AP, via the Times Argus, USA
June 5, 2008
Wilson Ring
Friday June 6, 2008

MONTPELIER — Before dawn on June 22, 1984, 90 Vermont State Police troopers
and 50 social workers descended on the Island Pond homes of about 400 people
belonging to the Northeast Kingdom Community Church to investigate allegations
of child abuse.

Authorities had received reports children were being beaten, sometimes with sticks, as
part of the strict discipline imposed by church parents. The 112 children taken into
custody were to be examined for abuse and if none were found they were to be returned
to their parents — if the parents agreed to cooperate with the state.

But within hours a judge returned the children to their parents, calling the state’s effort a
“grossly unlawful scheme.”

While there are many differences between the Vermont raid on Island Pond and the
decision by Texas officials to take into custody 430 children amid allegations underage
girls were being forced to marry older men, there are many similarities, said one of the
former officials involved in the Vermont case. “It’s very apparent from these two cases
that at least two courts are looking for specific, direct information regarding each family
unit,” said Washington attorney John Easton, who in 1984 was the Vermont attorney
general and involved in the decision to launch the Island Pond raid. “To remove a child
from a family is a high burden. The courts are going to be looking for a substantial
amount of proof” of abuse.

On April 3, Texas Child Protective Services removed all the children from the Yearning
For Zion Ranch run by the Fundamentalist Church of Jesus Christ of Latter Day Saints
after a 16-year-old mother claimed she was being abused by her middle-age husband. The
state charged all the children were at risk because church teachings pushed underage girls
into marriage and sex.

Last month, The Texas Third Court of Appeals said the state went too far. The Texas
Supreme Court has since upheld the decision and almost all the children have been
returned to their parents. Church leaders are promising not to sanction underage
marriages.
Vermont law school Professor Peter Teachout said he’d read the Texas court decisions
and the 1984 Vermont rulings, which reached the same conclusions:

“Lawyers who practice family law will know to say the burden is on the state in these
cases,” Teachout said. “The underlying principle is whenever you take a child away from
his parents, that you do so when there is serious risk of abuse.”

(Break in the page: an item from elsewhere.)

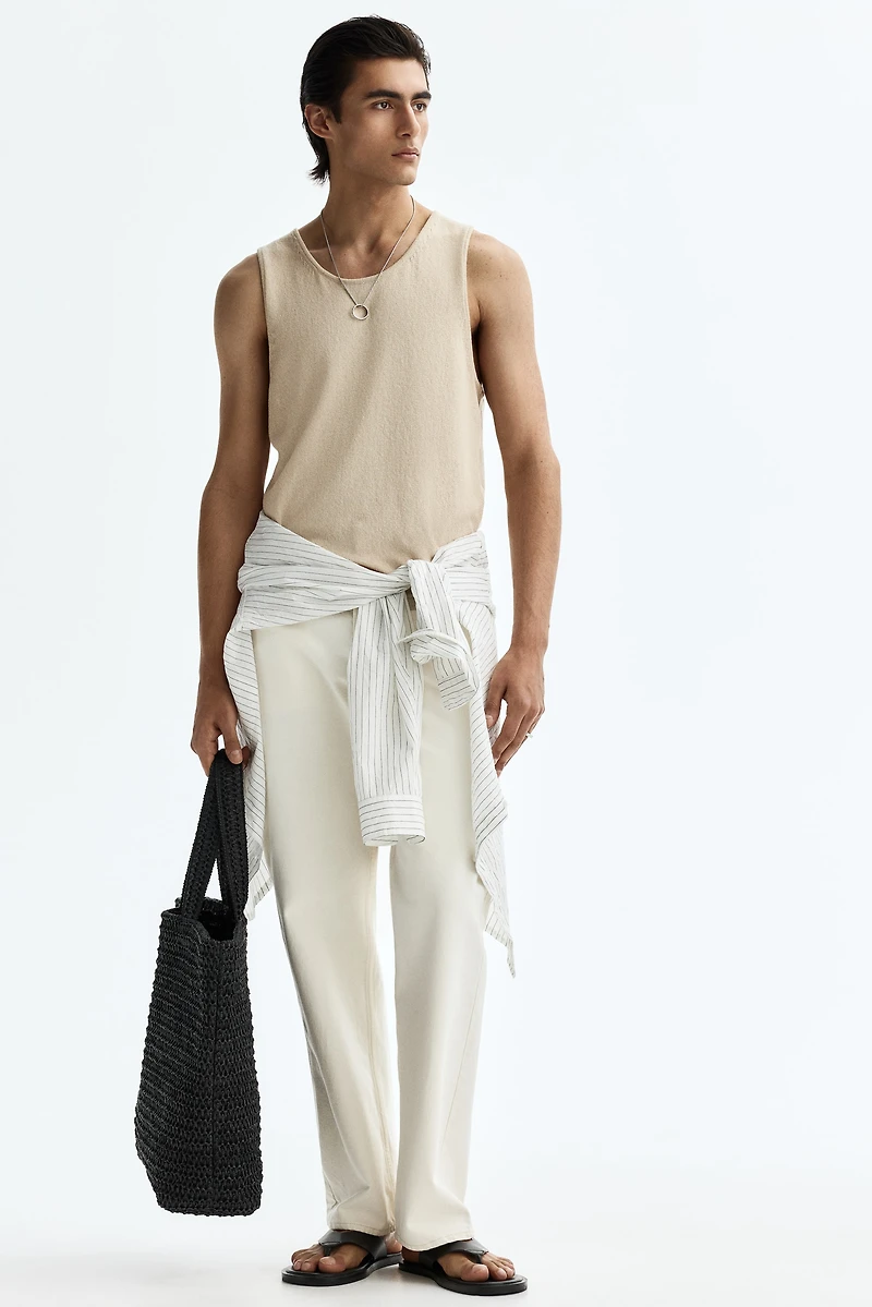 Débardeur en tricot de coton mélangé. Modèle à encolure ronde plongeante, emmanchures larges et bas droit. Coupe classique pour une silhouette classique et un plus grand confort.

The Northeast Kingdom Community Church took root in Island Pond, a small, rural
community in northern Vermont, in the summer of 1978 after a resident invited a church
leader to town. Almost immediately, the Island Pond group tripled in size from its 20
original members to 60. The church is now known as the Twelve Tribes, which has 50
communities in nine countries and about 3,500 members.

From the beginning the relationship between Island Pond in a part of Vermont called the
Northeast Kingdom and the bearded men and their women in kerchiefs was uneasy. In
some circles the word “cult” was used to describe it and state officials began to hear
reports of physical abuse of children.

So the state decided to act, got an order from a judge to seize the children and secretly
assembled the police and social workers, said Easton, the former attorney general.

After they were taken, Judge Frank Mahady, who has since died, interviewed them and
sent them home. His scathing opinion is still available on the church’s Web site.

James Richardson, a sociologist at the University of Nevada, Reno, who has studied
efforts by governments to control minority faiths, said the Texas and Vermont cases were
among almost two dozen similar cases scholars have identified around the world.

He said in many cases organizations get caught up in investigating allegations of child


abuse and they overreach. In Vermont and Texas the efforts were stopped by the judge.

“Concern about children trumps all other considerations in most western nations, and
usually overcomes even religious freedom concerns,” Richardson said in an e-mail.

Even from the perspective of 24 years, Easton said there wasn’t much he would have
done differently.

“We were put in a difficult position. We had rather serious allegations from people who
had directly observed activities inside the church,” Easton said. “To not act would have
been irresponsible.”

In 1984, Jean Swantko was a public defender assigned to represent the people of the
Island Pond church. Now she’s a member.
“Maybe a lot of people don’t realize the 1st Amendment protects freedom of association.
You don’t find groups guilty, you find people guilty,” said Swantko, who splits her time
between Twelve Tribes communities in Vermont and Tennessee.

She said many of the children seized in 1984 are now adults raising their own children in
the church.

“Now, 24 years after the raid they are between 24 and 32. Most of them are still in the
community. They are taking on the faith of their parents,” Swantko said. “You can judge
a tree by its fruit.”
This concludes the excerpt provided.